Touchstones

Judith M. Dobler

September 27, 1990|By Judith M. Dobler

MY CHILDREN have been using a collection of gemstones to predict their fortunes. They reach into a bag, pull out several stones and read the future from those their psyches have chosen. I know women who wear rose quartz or amethyst necklaces in order to bask in the calm or to harness the psychic energy the crystals are supposed to impart. The practices aren't new; they go back to ancient times when fortunes and futures were even less predictable. We touch stone as we touch wood, for luck.

Touchstones are another story, though we've used them as a test for gold or silver ever since women began wearing jewels. A touchstone is a hard black stone, like jasper or basalt. You test a nugget you suspect is gold by rubbing it on the touchstone and making a streak. Then you compare it to a streak you make with a real gold nugget. If they're alike, you've got gold.

Today "touchstone" refers to any standard by which you judge the worth of someone or something. All good standards, it seems, must be rock-solid.

In a touchstone we also glimpse eternity: We find something we can count on. I spent one of my happiest days watching my children climb over some granite boulders on the shores of Lake Superior as they searched for tadpoles nestled in pockets of rainwater. Although the waves broke on the rocks around them, the children and the tadpoles were safe.

Perhaps the durability of stones makes us value diamonds and use stone-terms like stonewall and adamant (meaning hard as a diamond) to indicate just how firm our resolve is. We also carve names on marble and granite stones to mark the graves of the dead. As a child, I played near my relatives' gravestones when we visited the family plot on Memorial Day. Stroking the smooth gray surface somehow put me in touch with all those ancestors who died before I was born.

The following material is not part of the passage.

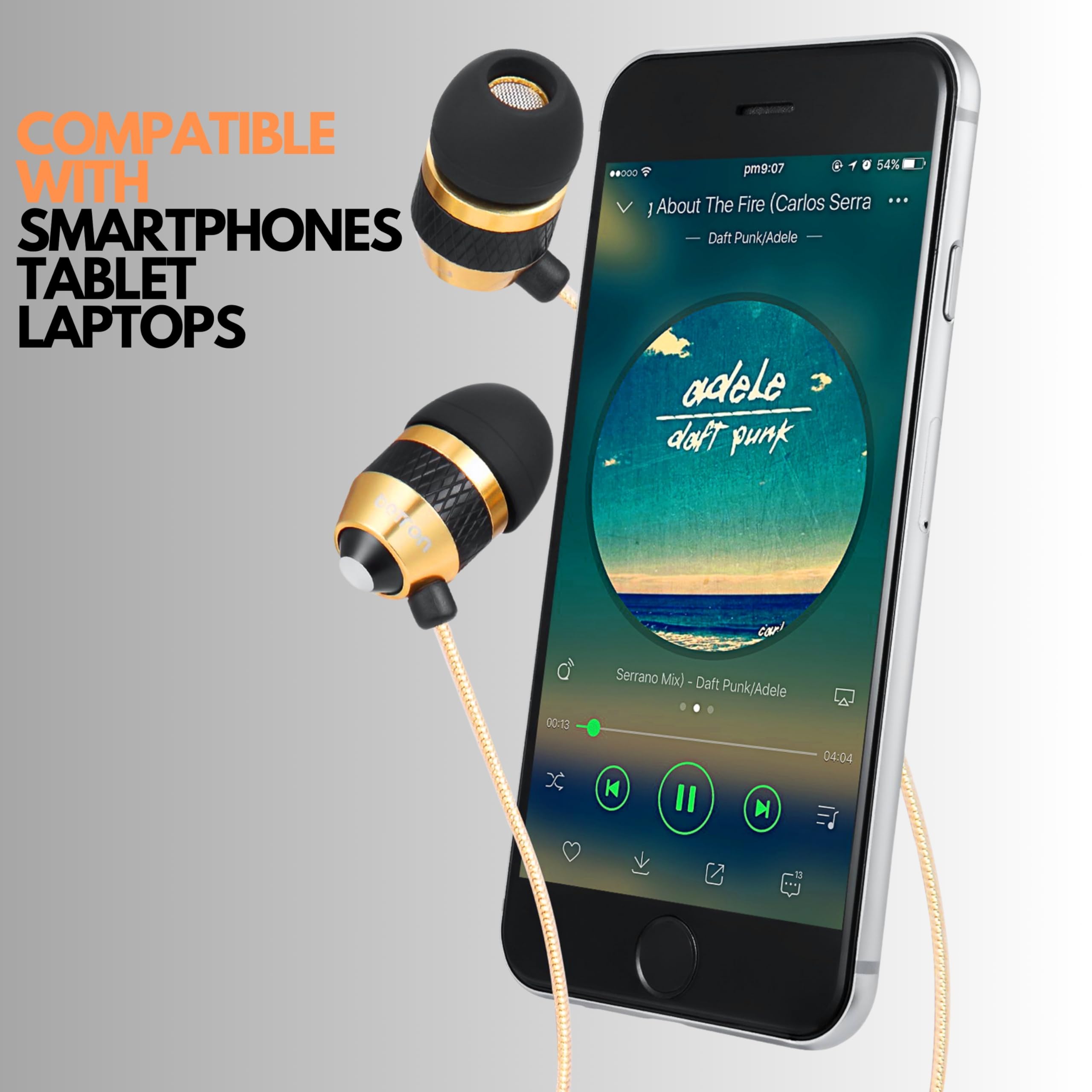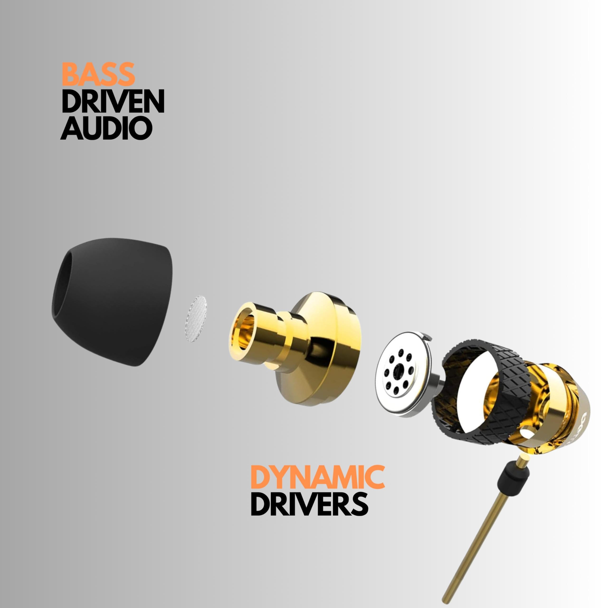 Noise isolating in ear wired headphones with strong bass driven sound. Enjoy high-resolution treble and midrange with powerful bass produced by dynamic earphones

Missing gravestones can disturb us, though. They call from the world inside our skin, a world that shifts, like sand, threatening to make us lose touch with ourselves. Several years ago I had a vivid dream. I found myself gathering stones by a river, carrying them up a hill, and stacking them at the top. I had felt a need to provide a headstone for my sister who had been buried without one when she died shortly after birth. During my childhood, her existence seemed imaginary, mostly because her death was never discussed. Yet during those years I felt a strange foreboding, as though I were awaiting punishment for her death. Touching the stones in my dream became a way to assuage my guilt and fears.

Touching stone puts us solidly in touch with the other side of our skin as well. Touching is the one reciprocal sense. We can see without being seen, hear without being heard, taste without being tasted, smell without being smelled, but we cannot touch without being touched. A touch shouts, "You exist. I exist. We are in this moment together." That's why touching is so risky. When we touch someone, we are letting them and us know who we are and what we're about.

When we touch stone, though, our fingers must yield -- the stone will not. And that's where touchstones come in. Seneca once said, "Fire is the test of gold; adversity, of strong men." Like a touchstone, adversity is unyielding. It fills us with terror, putting us -- in my children's terms -- between a rock and a hard place. Yet we must act. So we adapt and change to fit the new circumstances and, in Thomas Paine's words, "bring things and men to light, which might otherwise have lain forever undiscovered."

Perhaps that's why the Scots saw the Stone of Scone as the stone of destiny. And why we believe a stone's something we can count on, as early Babylonians who baked their cuneiform records into stone realized.

It may be why we prefer someone who is solid as a rock to someone who is shifty like windblown sands, though we'd prefer to live with someone who's not too adamant about the sand in our sneakers.

And why we prefer the scrupulous (literally the person with a stone in his sandal) to the unscrupulous person who has no reason to walk a mile in our shoes.

Judith M. Dobler teaches writing at Loyola College.